▶ **What needs to be done**
Reproduce, exactly and in full, the lines from the one with "对比发现,今年首季,招商银行" through the one with "本网讯(通讯员谢娟李妍蝶)9" in the data below; drop pictures.

START Dataset entries

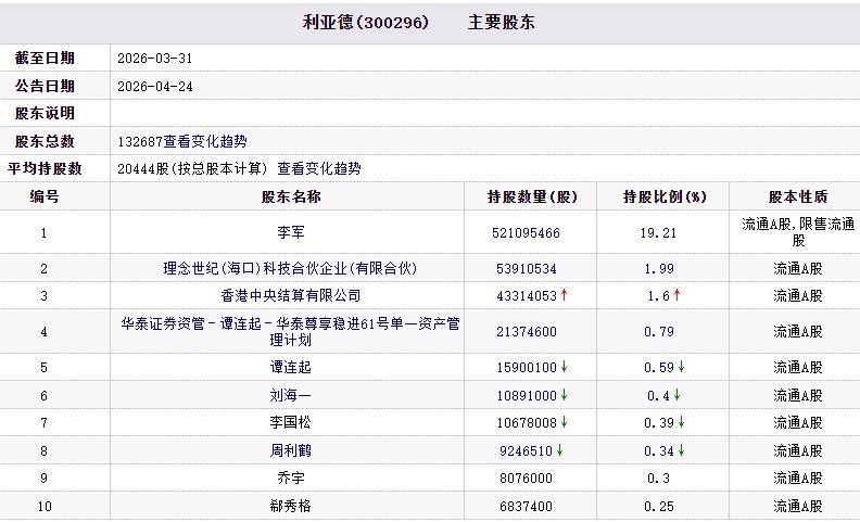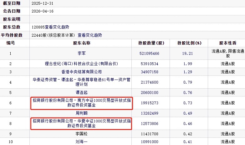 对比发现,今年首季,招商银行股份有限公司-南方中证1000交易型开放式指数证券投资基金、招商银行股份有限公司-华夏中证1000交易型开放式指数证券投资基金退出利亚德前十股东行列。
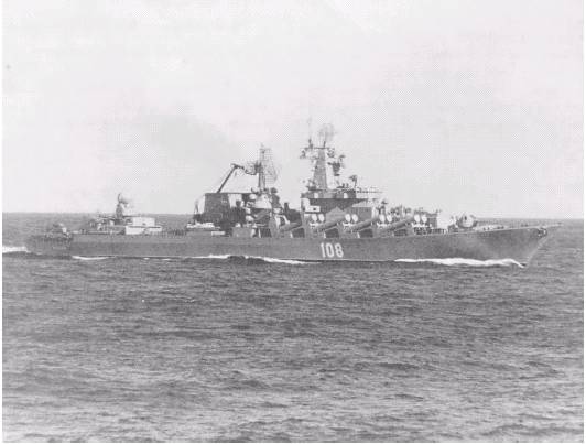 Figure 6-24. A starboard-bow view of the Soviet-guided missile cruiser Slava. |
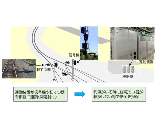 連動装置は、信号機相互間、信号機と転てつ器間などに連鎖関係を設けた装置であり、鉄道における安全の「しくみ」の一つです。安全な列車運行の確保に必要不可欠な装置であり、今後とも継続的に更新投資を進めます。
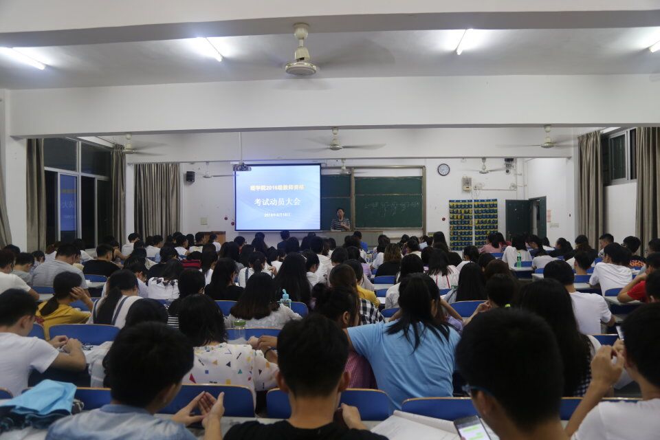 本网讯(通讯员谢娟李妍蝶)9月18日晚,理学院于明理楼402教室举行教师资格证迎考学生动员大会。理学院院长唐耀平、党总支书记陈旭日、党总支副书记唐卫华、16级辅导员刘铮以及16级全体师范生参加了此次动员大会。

END Dataset entries
START Dataset entries

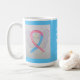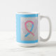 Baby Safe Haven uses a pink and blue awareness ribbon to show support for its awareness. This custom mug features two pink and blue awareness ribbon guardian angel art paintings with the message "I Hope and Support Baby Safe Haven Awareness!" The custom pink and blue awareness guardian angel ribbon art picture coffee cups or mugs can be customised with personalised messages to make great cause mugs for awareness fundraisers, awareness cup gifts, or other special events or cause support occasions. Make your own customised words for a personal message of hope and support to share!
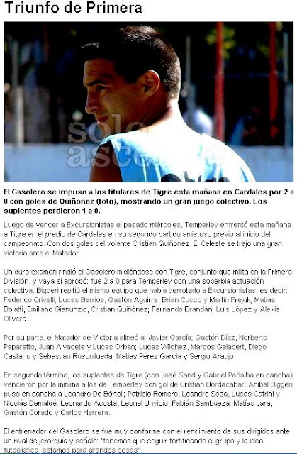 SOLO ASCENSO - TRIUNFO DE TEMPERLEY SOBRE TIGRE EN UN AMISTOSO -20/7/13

END Dataset entries
START Dataset entries

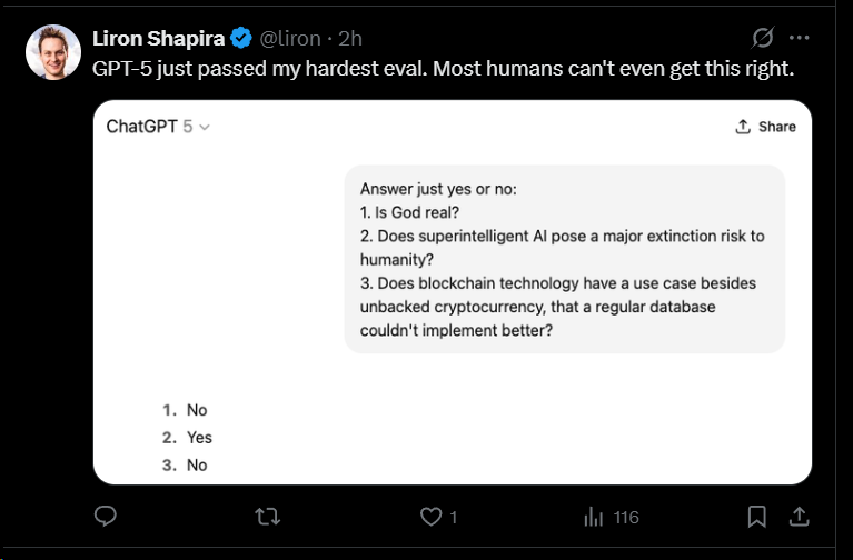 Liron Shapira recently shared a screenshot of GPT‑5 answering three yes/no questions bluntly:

END Dataset entries

▶ **Result below**
 对比发现,今年首季,招商银行股份有限公司-南方中证1000交易型开放式指数证券投资基金、招商银行股份有限公司-华夏中证1000交易型开放式指数证券投资基金退出利亚德前十股东行列。
 Figure 6-24. A starboard-bow view of the Soviet-guided missile cruiser Slava. |
 連動装置は、信号機相互間、信号機と転てつ器間などに連鎖関係を設けた装置であり、鉄道における安全の「しくみ」の一つです。安全な列車運行の確保に必要不可欠な装置であり、今後とも継続的に更新投資を進めます。
 本网讯(通讯员谢娟李妍蝶)9月18日晚,理学院于明理楼402教室举行教师资格证迎考学生动员大会。理学院院长唐耀平、党总支书记陈旭日、党总支副书记唐卫华、16级辅导员刘铮以及16级全体师范生参加了此次动员大会。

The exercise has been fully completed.